NEW YORK, NY.- Isabel Torres, the Spanish actress best known for playing transgender singer and television personality Cristina Ortiz Rodríguez in the HBO Max series Veneno, died Friday. She was 52.
Torres family confirmed her death in a statement on her official Instagram account. The statement did not specify a cause or say where she died.
In recent years, Torres had documented her treatments for lung cancer on Instagram. In November, she shared a video in which she said she had been told she had only about two months to live.
Lets see if I get over it, she said. And if not, she added, what are we going to do? Life is like that. She said the video would be her last, though she continued to post photographs for several weeks.
Torres had acted sporadically since the mid-1990s before she found her largest audience in 2020 in Veneno, as one of three transgender performers who portrayed Rodríguez, a transgender singer and television personality. In the show, Rodríguez, who was known as La Veneno (The Poison), rises to fame after being interviewed by a television journalist in a park in Madrid where she had been working as a prostitute. She becomes a fixture on Spanish television and the most prominent transgender person in the country before her death in 2016 at 52.
Veneno is based on the book Listen! Not a Whore, Not a Saint: The Memories of La Veneno by journalist Valeria Vegas. Created and directed by Javier Ambrossi and Javier Calvo, the series debuted on Spanish streaming platform Atresplayer Premium in 2020 and was then picked up by HBO Max.
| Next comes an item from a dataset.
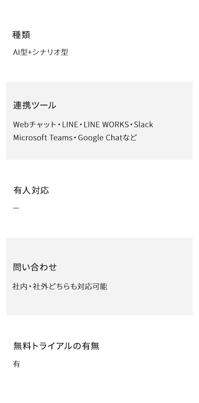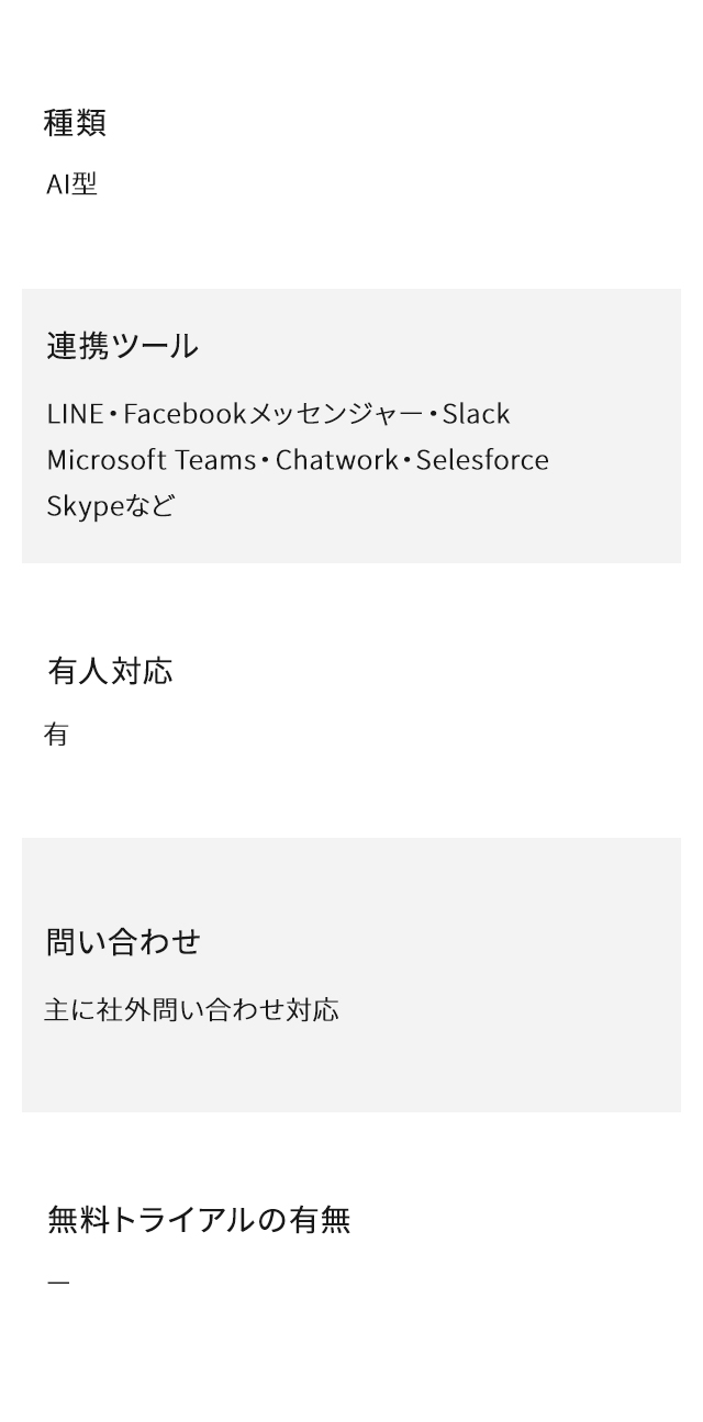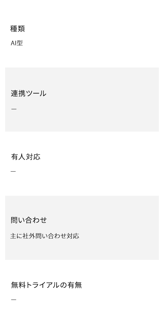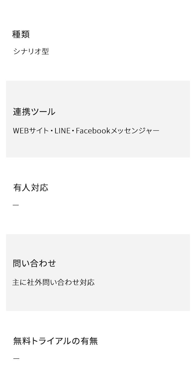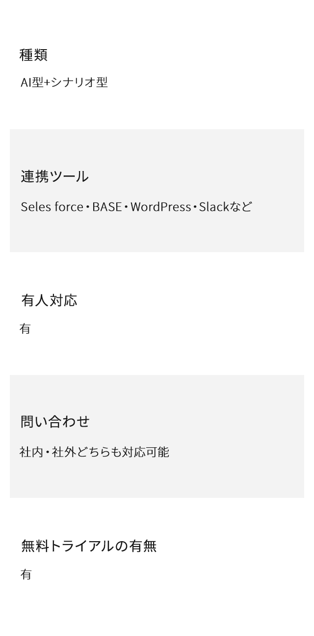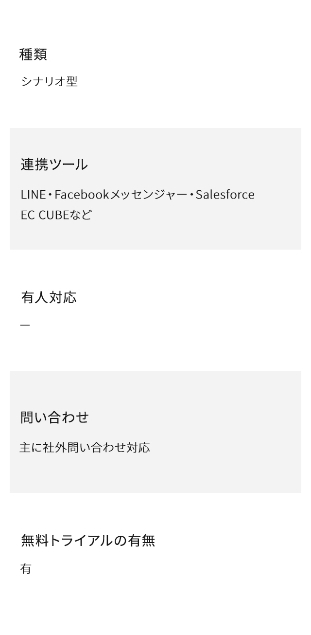 次項から、種類・連携ツール・有人対応・問い合わせ・無料トライアルの有無などに分けて詳しく比較するので参考にしてください。

Torres was the oldest of the three actors who played Rodríguez in the eight-part series. In one Instagram post, Torres said it was the role of a lifetime, adding that she had gained weight to transform herself for it.
For her performance, she won an Ondas Award for best actress in a television series.
Torres was born July 14, 1969, in Las Palmas de Gran Canaria, in the Canary Islands, according to imdb.com.
In 1996, she became the first Canarian woman to have her gender legally changed on her identification, according to Spanish news outlet Las Provincias.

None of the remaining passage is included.